Накануне отъезда я вышла во двор. Там обсуждали Мадагаскар и ссорились всем скопом.

Я оперлась о стенку и засунула руки глубоко в карманы любимых картофельного цвета штанов с вытянутыми коленками.

— Венерка попросит у отца настоящий нож. Он ей даст, — сказал Колька с вызовом. Не тратя лишних слов, я задрала футболку и показала прилаженную к бедру костяную рукоятку и расшитые ножны. Они увидели и задышали часто, как загнанные индейские лошади.

— Папа подарил! И вообще, я завтра еду в путешествие на Север. Там лес, и море, и голубая мечта, — смутно припомнила я мамины слова, и ленивым движением отклеилась от стенки. — А вы давайте на Мадагаскар. На колбасу скопили?

— Ты чего на меня прищурилась? Рисовать собираешься?

— Просто так. А знаешь, — сказала я с дурацкой кокетливой ужимкой, — когда мама умерла, я поклялась больше никого не любить никогда...

Людоед подумал и улыбнулся: — Ну, это ты погорячилась. «Как хорошо, — думала я, — что ты не утешаешь, а улыбаешься, улыбаешься, хоть кол на голове теши, прямо в мою кислую рожу. Как будто знаешь великую тайну, знаешь наперёд, что всё кончится хорошо, о чём бы я ни грустила. Надо верить, надо верить, наверно ты прав..»

Мы были в гостях у одного милого человека. На прощание наш хозяин имел обыкновение здороваться и всё такое прочее.
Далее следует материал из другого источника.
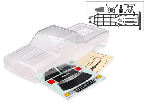Karosseriet leveres ferdigklippet, med dekaler og maskering, men ulakkert. Karosseriet passer X-Maxx MT chassis med clipless mounting.
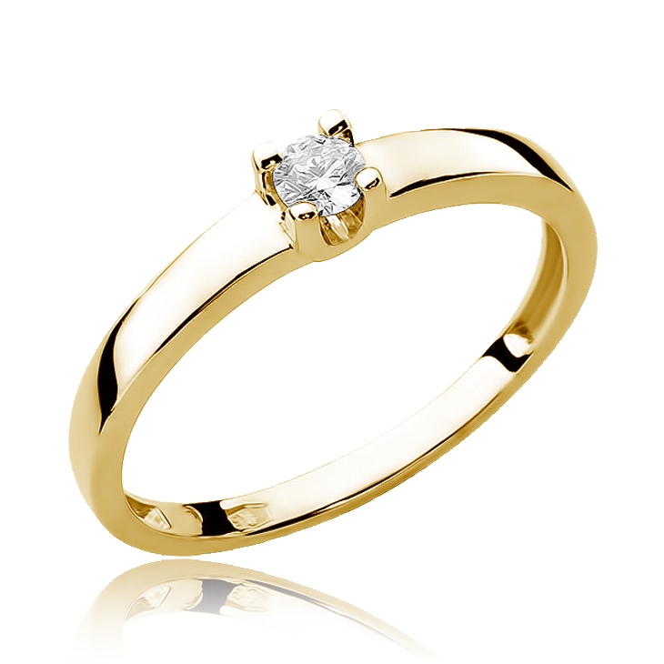 Prsten je vyroben ze 14karátového žlutého zlata. Hmotnost použitého diamantu je 0,10 ct, barvě H a čistotě SI2
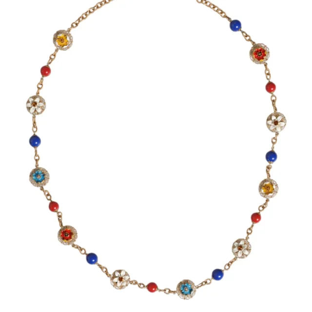 With its stunning multicolor crystals and intricate gold-tone design, this statement necklace is a true masterpiece. The long length allows for layering or wearing it solo as the centerpiece of your outfit. Lightweight yet substantial, it combines comfort with undeniable glamour. Every detail, from the logo charm to the polished finish, reflects Dolce & Gabbana’s signature style.
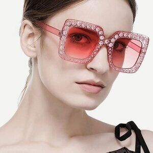 Rhinestone Sunglasses Oversized Bling UV400 Retro Women Beach Disco — A fun, glamorous statement piece.
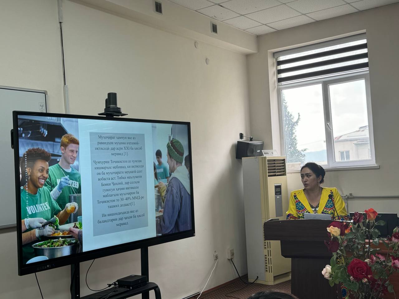 Сипас, дар идомаи кори бахш профессор Дустбоев Ш., дотсентон Назруллозода М.Н., Амонатзода М.А., Ҳомидов А.Н. ва омӯзгорон Давлатов Н.С., Сафаров У.Ш., Қурбонова И.Н. ва Иброҳимзода Г.Х. бо маърӯзаҳои пурмуҳтаво суханронӣ намуданд.

Вот он и спросил у Птицы Ястреба, когда мы курили по последней у лифта:

— Ну, Ась, как жизнь? — Да знаешь, — она засмеялась, — так себе! — Вот, наконец, человеческий ответ, а то, как ни спросишь, всё — «отлично». Жизнь должна быть так себе.. — и наш хозяин, сияя кроткими коричневыми глазищами, пустился в рассуждения о жизни, рассчитанные на успокоение и излечение гостей; Птица, отставив руку с сигаретой, смотрела на него исподлобья своим «марсианским» взглядом, в котором тревожно сливаются одобрение и насмешка; я даже не делала вид, что слушаю, а всё думала, почему жизнь «так себе», что же ещё случилось.. Потом мы молча дошли до метро, и только на эскалаторе, став на ступеньку ниже Птицы, я спросила: — Слушай, а почему — «так себе»? Что-нибудь плохо? Она сразу сжалась, опустила голову, резко выпрямилась и пожала плечами: — Да нет, всё в порядке.. И стала внимательно смотреть в сторону.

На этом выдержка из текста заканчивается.